Early on, helping the local music scene meant recording punk bands on the eight-track for five bucks an hour, when Milwaukee and Chicago studios told Vig and Marker to charge 20 times more. Ironically, inexpensive recording technology is now driving musicians away from professional studios and back into their basements.

“You can look at the closing of Smart as a direct reflection of what’s been happening in the music business and the technology changes that have happened over the last 10 years,” says Vig. “Now anyone can get a laptop and make recordings in their basement for next to nothing. I know Grammy-winning engineers in L.A. who are struggling to find work.”

Plus, the labels that normally would pay for studio time have slashed their budgets to half or a third of their usual size, Vig says.
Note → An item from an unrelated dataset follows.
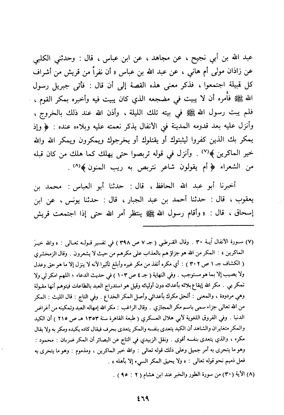 عَبْدِ اللهِ بْنِ أَبِي نَجِيحٍ، عَنْ مُجَاهِدٍ، عَنِ ابْنِ عَبَّاسٍ، قَالَ: وَحَدَّثَنِي الْكَلْبِيُّ عَنْ زَاذَانَ مَوْلَى أم هاني، عَنْ عَبْدِ اللهِ بْنِ عَبَّاسٍ «أَنَّ نَفَرًا مِنْ قُرَيْشٍ مِنْ أَشْرَافِ كُلِّ قَبِيلَةٍ اجْتَمَعُوا، فَذَكَرَ مَعْنَى هَذِهِ الْقِصَّةِ إِلَى أَنَّ قَالَ: فَأَتَى جِبْرِيلُ رَسُولَ اللهِ صَلَّى اللهُ عَلَيْهِ وآله وَسَلَّمَ فَأَمَرَهُ أَنْ لَا يَبِيتَ فِي مَضْجَعِهِ الَّذِي كَانَ يَبِيتُ فِيهِ وَأَخْبَرَهُ بِمَكْرِ الْقَوْمِ، فَلَمْ يَبِتْ رَسُولُ اللهِ صَلَّى الله عليه وآله وَسَلَّمَ فِي بَيْتِهِ تِلْكَ اللَّيْلَةَ، وَأَذِنَ اللهُ عِنْدَ ذَلِكَ بِالْخُرُوجِ، وَأَنْزَلَ عَلَيْهِ بَعْدَ قُدُومِهِ الْمَدِينَةَ فِي الْأَنْفَالِ يَذْكُرُ نِعْمَتَهُ عَلَيْهِ وَبَلَاءَهُ عِنْدَهُ: وَإِذْ يَمْكُرُ بِكَ الَّذِينَ كَفَرُوا لِيُثْبِتُوكَ أَوْ يَقْتُلُوكَ أَوْ يُخْرِجُوكَ وَيَمْكُرُونَ وَيَمْكُرُ اللَّهُ وَاللَّهُ خَيْرُ الْماكِرِينَ [ (7) ] . وَأَنْزَلَ فِي قَوْلِهِ تَرَبَّصُوا حَتَّى يَهْلِكَ كَمَا هَلَكَ مَنْ كَانَ قَبْلَهُ مِنَ الشُّعَرَاءِ أَمْ يَقُولُونَ شاعِرٌ نَتَرَبَّصُ بِهِ رَيْبَ الْمَنُونِ [ (8) ] .

It seemed like the right time to throw in the towel.

“We were never in this to make money,” he says. “In fact, it’s a miracle that Smart stayed open as long as it did considering it was run by two guys with almost no business sense.”

For Vig and Marker, treating other musicians like family, whether they were from Sun Prairie or Sunset Boulevard, was the key to their happiness and success.

Isaac Schulze, singer/guitarist for local cowpunk trio Mad Trucker Gone Mad, says being able to barbecue a turkey on Smart’s deck and play videogames at the studios made him feel at home — and perhaps led to a better record.

Meanwhile, Keith Brammer, bassist for Milwaukee hardcore and alt-rock torchbearers Die Kreuzen, recalls Smart as a place that didn’t cop a ‘tude, no matter what.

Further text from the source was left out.